The Obama administration, which was in court this week defending the new federal requirement that every American obtain government-designed health insurance, seems determined to prove Thomas right. But despite seven decades of stretching by a Supreme Court eager to accommodate every congressional whim, the Amazing Elastic Commerce Clause is still not expansive enough to cover the unprecedented command that people purchase a product from a private company in exchange for the privilege of existing.
"Never before has the Commerce Clause
been extended this far," noted U.S. District Judge Henry Hudson when he declined to dismiss the case he heard this week, in which Virginia is challenging the insurance mandate. Last week, allowing a similar lawsuit by Florida, U.S. District Judge Roger Vinson agreed that the Commerce Clause has "never been applied in such a manner before."

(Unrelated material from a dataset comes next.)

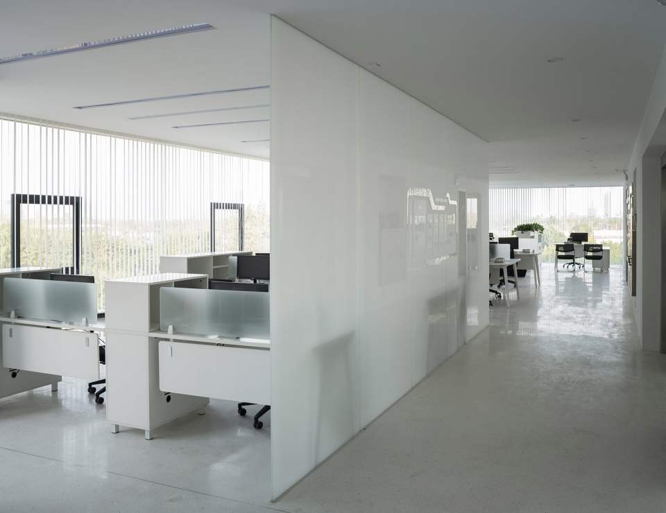For able to introduce invisible light into the layers in a visible form, we used green glass as the armrest in the corridor where the function box is connected to the virtual body (atrium). Green is the brand color of the client. At different time of the day, the light can extend this color to different positions in the room. The use of large areas of white color on the floor and wall significantly highlights this effect.

And how did it exercise that power with respect to Fillburn?
From George Washington's Farewell Address
" If, in the opinion of the people, the distribution or modification of the constitutional powers be in any particular wrong, let it be corrected by an amendment in the way which the Constitution designates. But let there be no change by usurpation; for though this, in one instance, may be the instrument of good, it is the customary weapon by which free governments are destroyed. The precedent must always greatly overbalance in permanent evil any partial or transient benefit, which the use can at any time yield."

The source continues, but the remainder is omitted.